Почему Люце обратила внимание на Васариса, а не на какого-нибудь другого, более интересного и взрослого семинариста или ксендза, она и сама бы не могла сказать. Может быть, тут была своеобразная логика сердца, которая так часто в жизни заставляет поступать наперекор трезвому рассудку. А может быть, живое воображение Люце ощутило смутное противоречие между сутаной и обликом Васариса? Или она интуитивно проникла в его духовную сущность? Или ее привлекли свойственные ему молчаливость и замкнутость, идущие из более глубокого источника, чем юношеская робость?

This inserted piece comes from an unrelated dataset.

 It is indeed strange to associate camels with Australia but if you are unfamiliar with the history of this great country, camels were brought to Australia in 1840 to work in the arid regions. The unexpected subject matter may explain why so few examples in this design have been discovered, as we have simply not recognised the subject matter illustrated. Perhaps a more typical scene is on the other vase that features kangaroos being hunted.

Трудно было бы ответить на эти вопросы.
Только догадками можно было ответить и на другое: почему Люце, красивую, юную девушку, едва потянувшуюся к любви и к жизни, прельщали молодые люди из духовной среды, носящие сутану? Вероятно, оттого, что, вращаясь с детских лет среди ксендзов, она привыкла к ним, и миряне казались ей слишком далекими и чужими? А может быть, потому, что она сжилась с атмосферой костела, смотрела на обязанности ксендза, как на всякие другие обязанности, а на ксендза, как на любого другого мужчину? В ее представлении совершенно стерлась разница между мирянами и духовенством. Можно было бы привести и другие догадки, но, скорей всего, это была типичная логика сердца, которая часто встречается у женщин и не одной из них губит жизнь.

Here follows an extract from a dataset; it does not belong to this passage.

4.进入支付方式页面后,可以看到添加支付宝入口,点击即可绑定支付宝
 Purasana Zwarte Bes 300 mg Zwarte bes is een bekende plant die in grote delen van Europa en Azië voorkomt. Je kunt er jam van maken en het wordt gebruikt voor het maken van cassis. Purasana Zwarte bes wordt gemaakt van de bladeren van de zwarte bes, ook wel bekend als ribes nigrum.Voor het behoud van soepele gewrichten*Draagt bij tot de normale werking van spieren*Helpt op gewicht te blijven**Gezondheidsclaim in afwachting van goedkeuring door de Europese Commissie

Ксендз Трикаускас был первым увлечением Люце, однако оно далеко не зашло. Люце была кокетливой, но не испорченной девушкой. Отчасти потому она и стала избегать викария с тех пор, как он дважды неосторожно порывался выказать ей пылкие чувства. К тому же ей не нравились его тщеславие и гордость, зачастую граничащая с дерзостью. Люце мечтала о деликатном человеке, который не будет подавлять ее воли и даже станет потакать капризам. Тут и появились два кандидата: сперва студент Бразгис, затем семинарист Васарис. В Бразгисе ей не нравились те же черты, что и в Трикаускасе, к тому же он был еще и назойлив. Люце предпочла Васариса, желторотого юнца, который мог бы заинтересовать либо опытную кокетку, либо сумасбродную, мечтательную молодую девушку.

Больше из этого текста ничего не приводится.